- **Aim of the task**: Nothing but the lines below from the one with "1998-ban szentelték újra" through the one with "Bilder enthalten Sonderausstattungen" should be output, each exactly as given, and no pictures.

- **Listed entries**:

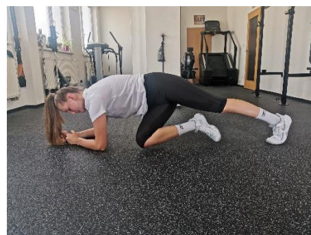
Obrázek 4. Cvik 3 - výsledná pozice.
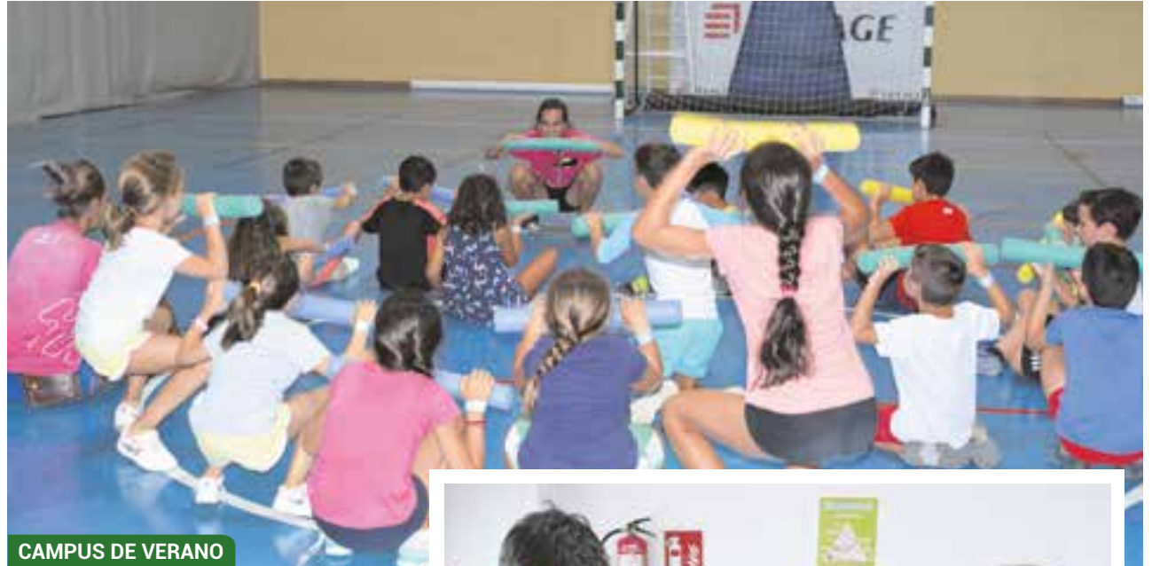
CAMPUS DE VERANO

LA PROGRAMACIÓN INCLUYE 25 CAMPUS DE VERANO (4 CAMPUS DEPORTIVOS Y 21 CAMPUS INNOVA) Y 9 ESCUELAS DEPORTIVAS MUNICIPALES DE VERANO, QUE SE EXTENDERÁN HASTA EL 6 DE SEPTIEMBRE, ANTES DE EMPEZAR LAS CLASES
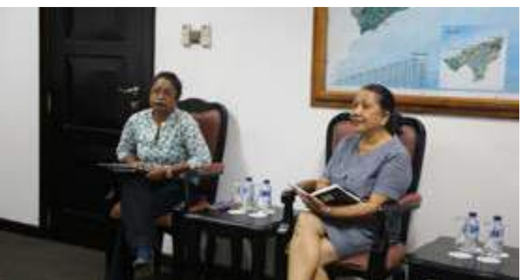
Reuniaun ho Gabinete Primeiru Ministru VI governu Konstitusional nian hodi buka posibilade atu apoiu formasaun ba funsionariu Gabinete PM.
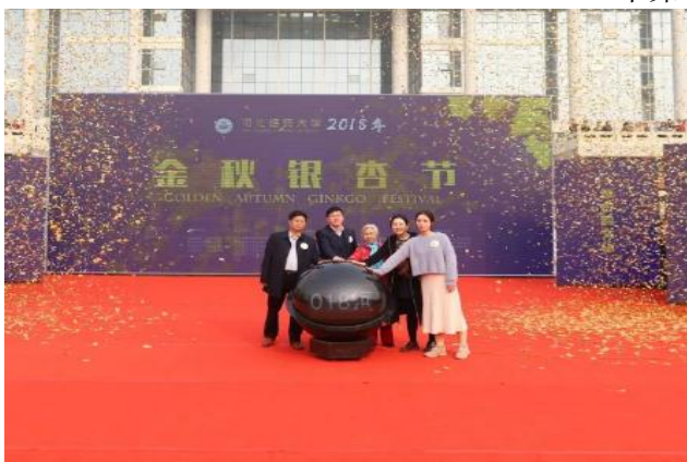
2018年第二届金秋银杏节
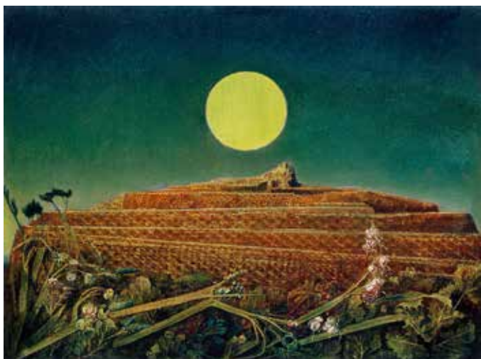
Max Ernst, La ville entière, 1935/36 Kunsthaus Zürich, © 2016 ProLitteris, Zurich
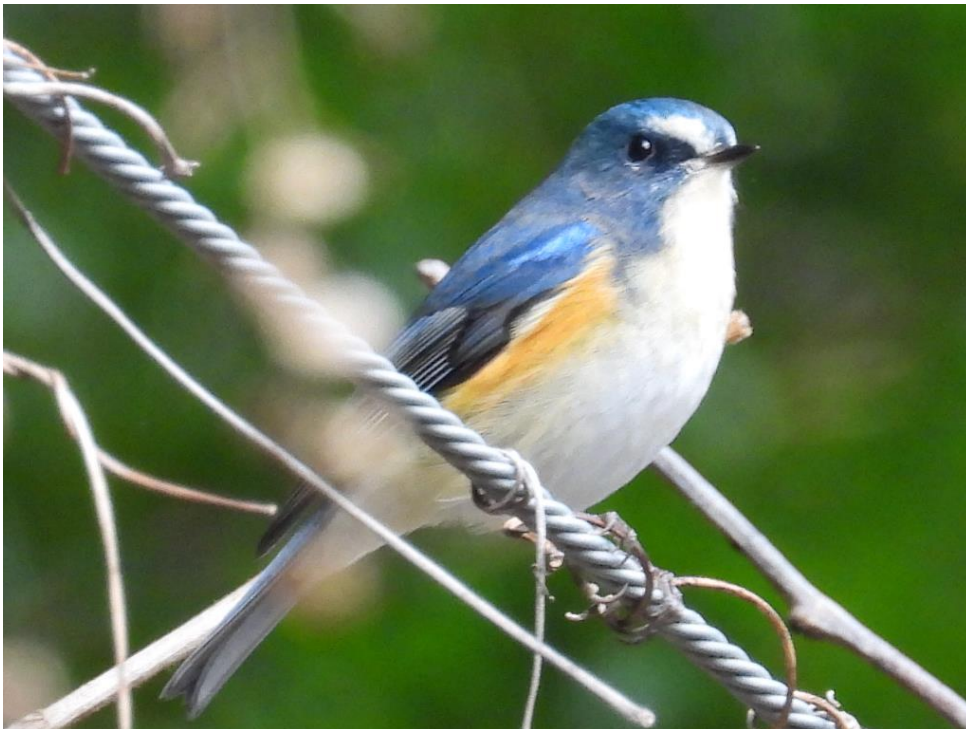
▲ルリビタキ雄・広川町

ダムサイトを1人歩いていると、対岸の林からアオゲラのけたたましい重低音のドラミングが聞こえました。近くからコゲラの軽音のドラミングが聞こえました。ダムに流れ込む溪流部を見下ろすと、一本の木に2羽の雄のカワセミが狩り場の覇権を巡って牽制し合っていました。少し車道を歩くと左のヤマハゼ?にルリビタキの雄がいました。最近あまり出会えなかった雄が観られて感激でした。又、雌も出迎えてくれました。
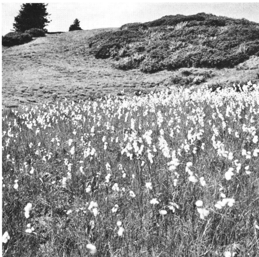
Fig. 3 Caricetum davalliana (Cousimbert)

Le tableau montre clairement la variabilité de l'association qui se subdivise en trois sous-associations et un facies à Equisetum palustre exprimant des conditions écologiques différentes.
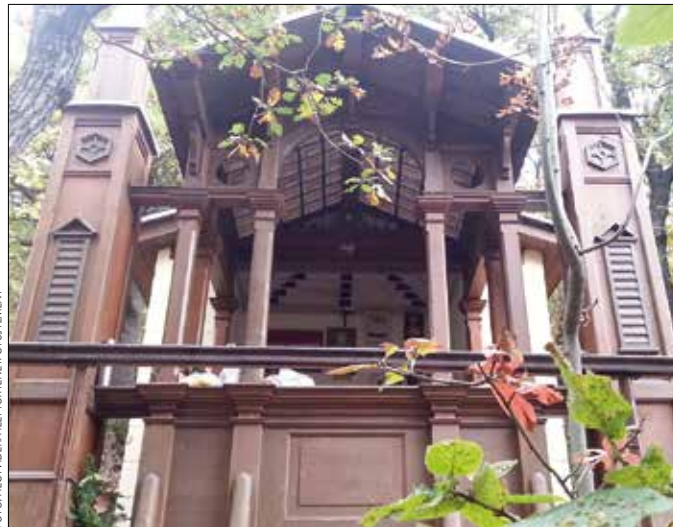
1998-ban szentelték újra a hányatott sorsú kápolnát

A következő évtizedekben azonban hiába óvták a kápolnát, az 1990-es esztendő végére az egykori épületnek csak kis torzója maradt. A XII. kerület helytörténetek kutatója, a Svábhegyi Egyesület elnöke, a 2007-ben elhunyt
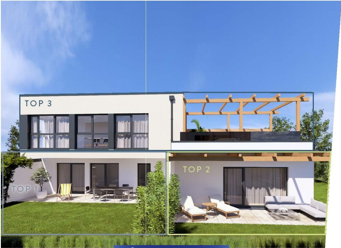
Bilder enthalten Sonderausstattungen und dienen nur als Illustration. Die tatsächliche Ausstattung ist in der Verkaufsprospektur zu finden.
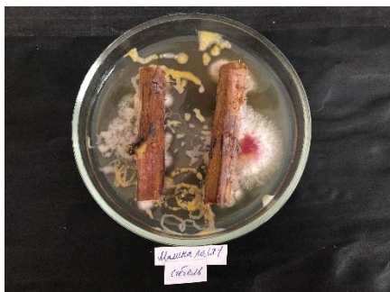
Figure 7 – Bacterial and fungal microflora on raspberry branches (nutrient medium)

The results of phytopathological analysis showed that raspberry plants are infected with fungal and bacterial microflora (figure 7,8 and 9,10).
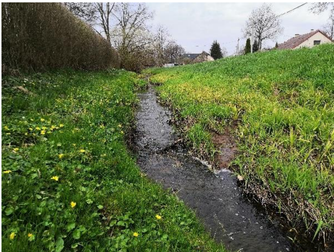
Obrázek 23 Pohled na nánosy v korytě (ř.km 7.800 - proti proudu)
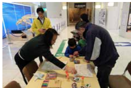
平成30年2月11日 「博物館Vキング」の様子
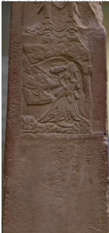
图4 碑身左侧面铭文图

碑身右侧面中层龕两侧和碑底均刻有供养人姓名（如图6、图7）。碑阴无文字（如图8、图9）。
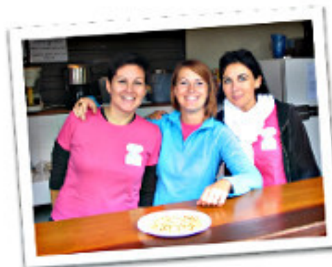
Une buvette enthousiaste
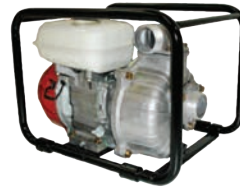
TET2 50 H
...
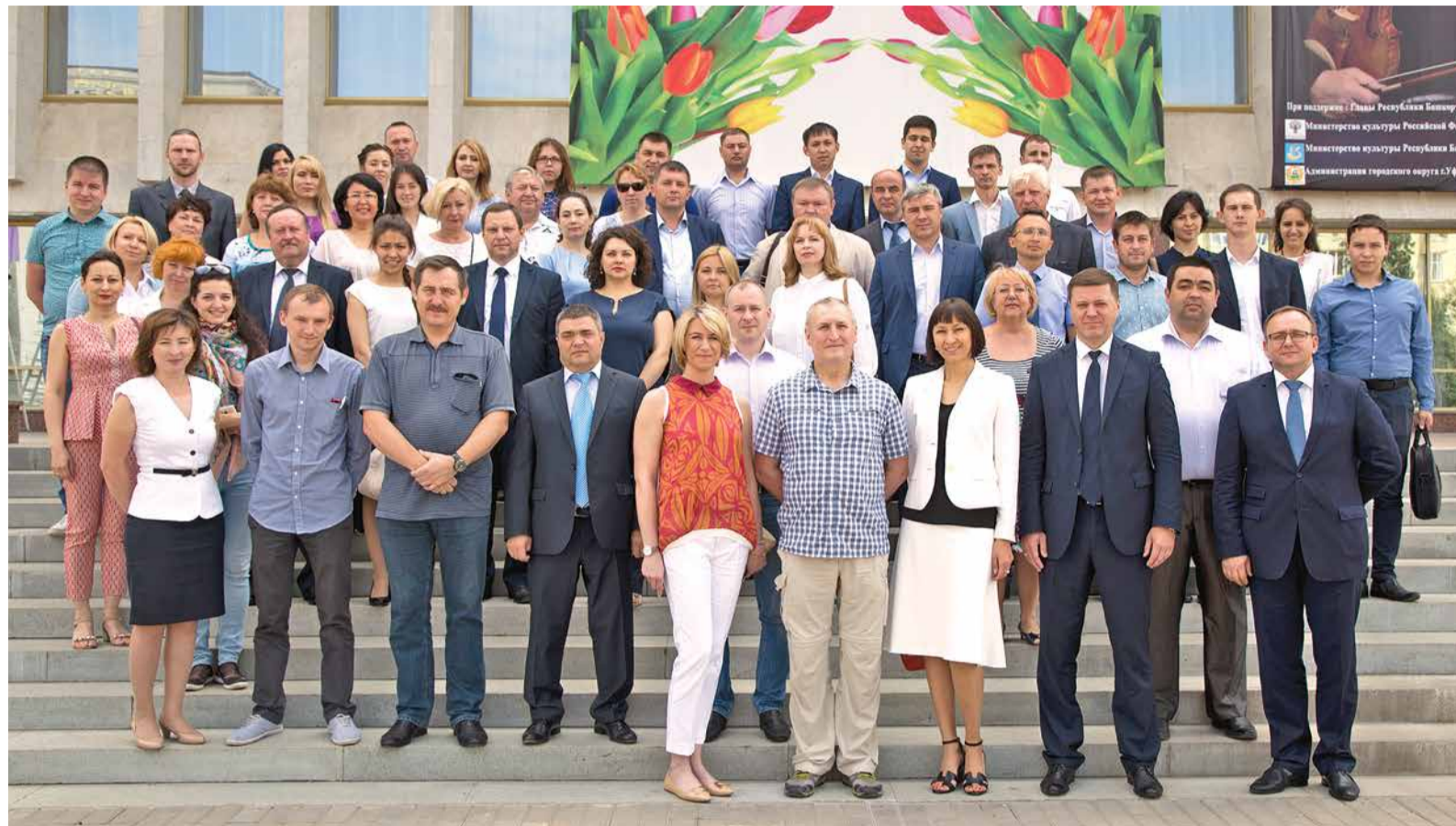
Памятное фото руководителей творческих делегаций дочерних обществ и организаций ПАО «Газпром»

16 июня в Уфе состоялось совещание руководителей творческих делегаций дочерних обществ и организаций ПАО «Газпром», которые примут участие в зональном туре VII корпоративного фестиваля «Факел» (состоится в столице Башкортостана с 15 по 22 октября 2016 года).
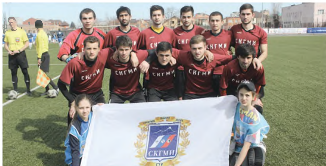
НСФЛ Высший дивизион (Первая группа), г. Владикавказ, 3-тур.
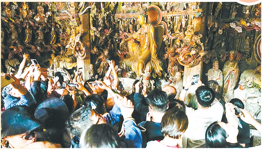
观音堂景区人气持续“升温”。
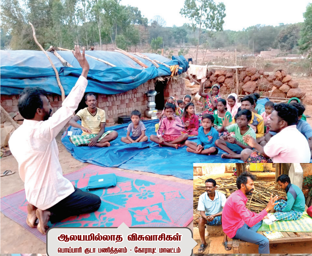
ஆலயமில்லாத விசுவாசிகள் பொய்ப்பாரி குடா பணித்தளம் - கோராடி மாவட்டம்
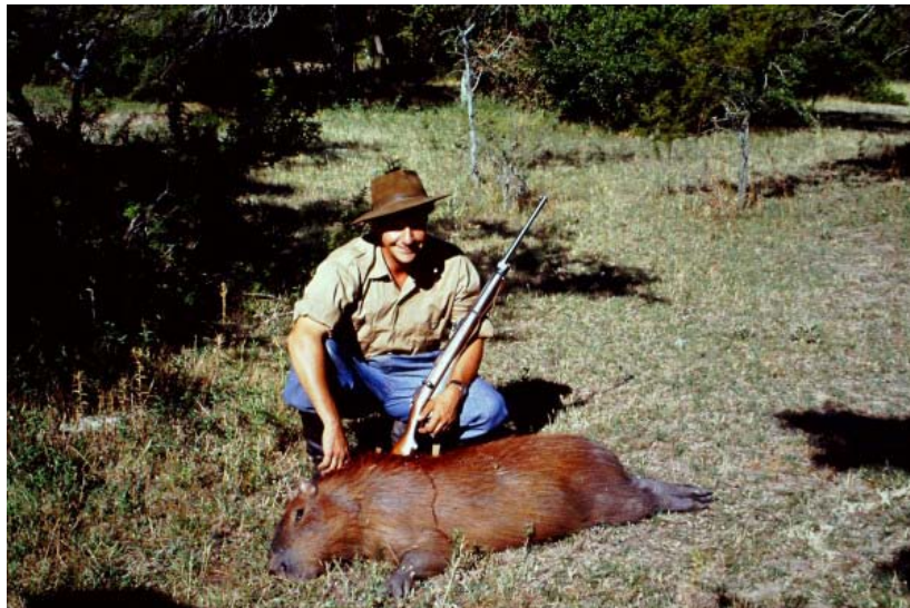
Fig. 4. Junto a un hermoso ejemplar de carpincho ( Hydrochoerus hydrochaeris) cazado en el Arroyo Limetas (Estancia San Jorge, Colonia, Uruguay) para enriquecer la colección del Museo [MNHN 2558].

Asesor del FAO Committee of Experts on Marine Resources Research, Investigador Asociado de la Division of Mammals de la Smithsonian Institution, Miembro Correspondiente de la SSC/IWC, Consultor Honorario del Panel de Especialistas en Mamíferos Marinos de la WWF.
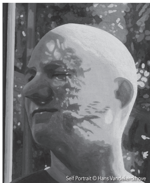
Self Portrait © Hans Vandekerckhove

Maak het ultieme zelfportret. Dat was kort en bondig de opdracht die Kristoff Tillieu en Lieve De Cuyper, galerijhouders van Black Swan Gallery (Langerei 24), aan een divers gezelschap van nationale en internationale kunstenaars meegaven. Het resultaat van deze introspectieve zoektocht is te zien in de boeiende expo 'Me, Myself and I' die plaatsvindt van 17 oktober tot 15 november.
--
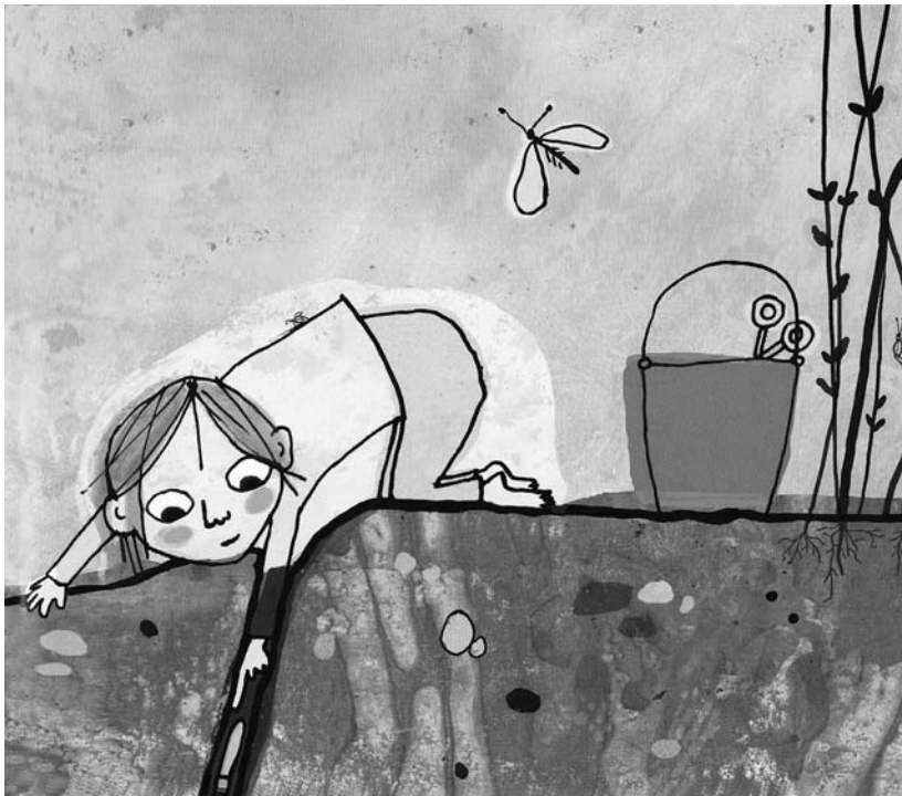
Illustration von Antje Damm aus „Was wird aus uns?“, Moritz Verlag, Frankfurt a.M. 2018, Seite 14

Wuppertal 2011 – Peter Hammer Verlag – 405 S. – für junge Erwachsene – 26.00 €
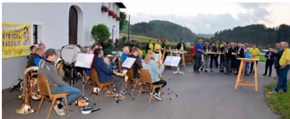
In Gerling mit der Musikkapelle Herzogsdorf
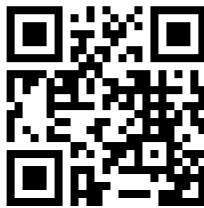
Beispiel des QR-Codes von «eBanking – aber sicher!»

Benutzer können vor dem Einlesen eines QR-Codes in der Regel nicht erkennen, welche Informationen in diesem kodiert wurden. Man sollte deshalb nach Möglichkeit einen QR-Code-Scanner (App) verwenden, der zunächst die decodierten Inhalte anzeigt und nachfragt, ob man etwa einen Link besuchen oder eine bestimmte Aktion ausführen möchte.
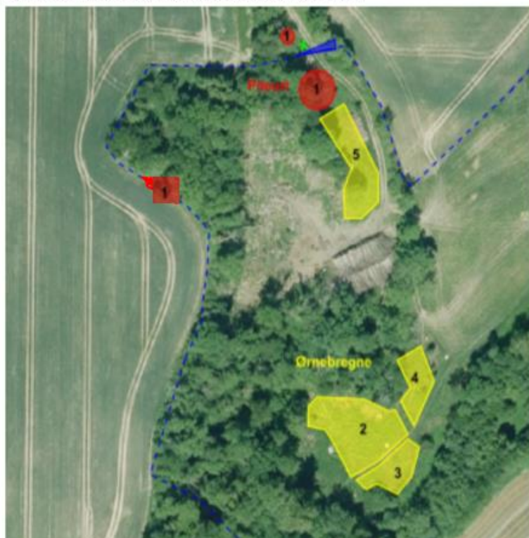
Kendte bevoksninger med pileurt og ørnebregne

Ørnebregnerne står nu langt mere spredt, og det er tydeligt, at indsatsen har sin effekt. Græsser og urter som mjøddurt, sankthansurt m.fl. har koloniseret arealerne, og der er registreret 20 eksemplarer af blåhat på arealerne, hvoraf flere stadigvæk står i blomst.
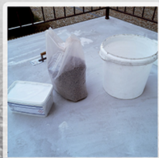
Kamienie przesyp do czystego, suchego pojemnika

- **Solution to the problem**:
1998-ban szentelték újra a hányatott sorsú kápolnát

A következő évtizedekben azonban hiába óvták a kápolnát, az 1990-es esztendő végére az egykori épületnek csak kis torzója maradt. A XII. kerület helytörténetek kutatója, a Svábhegyi Egyesület elnöke, a 2007-ben elhunyt
Bilder enthalten Sonderausstattungen und dienen nur als Illustration. Die tatsächliche Ausstattung ist in der Verkaufsprospektur zu finden.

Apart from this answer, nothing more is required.